- [Collected data]
+++
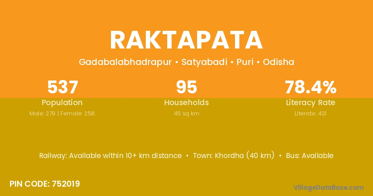 Asika (30 km) is the nearest town to Raktapata village for major economic activities and is located approximately 30 km away.
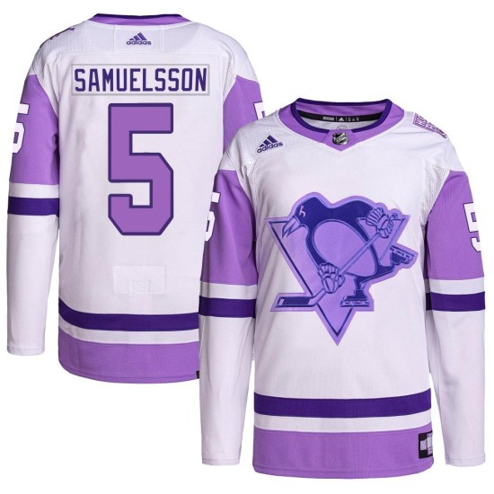 Prove you are the #1 Pittsburgh Penguins fan with this Men's Pittsburgh Penguins Ulf Samuelsson Adidas Authentic Hockey Fights Cancer Primegreen Jersey - White/Purple! This jersey is perfect for the Pittsburgh Penguins fan who wants a great new way to show some spirit for the Penguins.
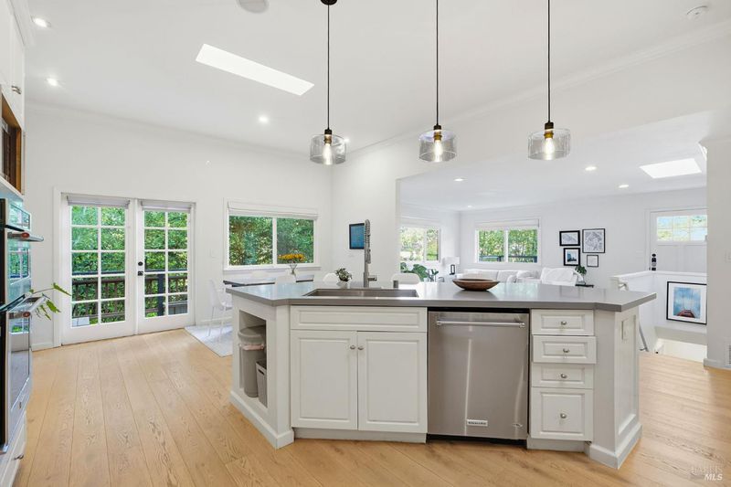 Remodeled 3BD/2BA + Office with Open Floor Plan, Chef's Kitchen, Views, Deck & Modern Finishes. This beautifully renovated home offers the perfect blend of comfort, privacy, and style. The open floor plan seamlessly connects the living room, dining area, and chef's kitchen, creating a spacious and light-filled environment with multiple skylights. The kitchen features a large center island, expansive countertops, sleek stainless steel appliances, a Gas stove, and a double oven. Gorgeous wide-plank engineered wood floors run throughout, adding warmth and elegance. Large windows and sliding doors fill the home with natural light, showcasing peaceful views of the surrounding hills and trees. The setting feels private and serene, while the interiors display a cozy, charming ambiance that makes the home truly special. Multiple decks and terraces provide ample space to relax, dine, or entertain outdoors, perfect for taking in the views and enjoying the Marin lifestyle. The home is in pristine condition, featuring central A/C, multiple skylights, a 2018 Roof,dual-pane windows, and thoughtful upgrades throughout. Located in a highly desirable San Anselmo neighborhood, this property offers both privacy and conveniencejust minutes from town and trails.
+++
- [Task prompt] Except for the pictures, give all the material above again verbatim.

- [Final answer]
 Asika (30 km) is the nearest town to Raktapata village for major economic activities and is located approximately 30 km away.
 Prove you are the #1 Pittsburgh Penguins fan with this Men's Pittsburgh Penguins Ulf Samuelsson Adidas Authentic Hockey Fights Cancer Primegreen Jersey - White/Purple! This jersey is perfect for the Pittsburgh Penguins fan who wants a great new way to show some spirit for the Penguins.
 Remodeled 3BD/2BA + Office with Open Floor Plan, Chef's Kitchen, Views, Deck & Modern Finishes. This beautifully renovated home offers the perfect blend of comfort, privacy, and style. The open floor plan seamlessly connects the living room, dining area, and chef's kitchen, creating a spacious and light-filled environment with multiple skylights. The kitchen features a large center island, expansive countertops, sleek stainless steel appliances, a Gas stove, and a double oven. Gorgeous wide-plank engineered wood floors run throughout, adding warmth and elegance. Large windows and sliding doors fill the home with natural light, showcasing peaceful views of the surrounding hills and trees. The setting feels private and serene, while the interiors display a cozy, charming ambiance that makes the home truly special. Multiple decks and terraces provide ample space to relax, dine, or entertain outdoors, perfect for taking in the views and enjoying the Marin lifestyle. The home is in pristine condition, featuring central A/C, multiple skylights, a 2018 Roof,dual-pane windows, and thoughtful upgrades throughout. Located in a highly desirable San Anselmo neighborhood, this property offers both privacy and conveniencejust minutes from town and trails.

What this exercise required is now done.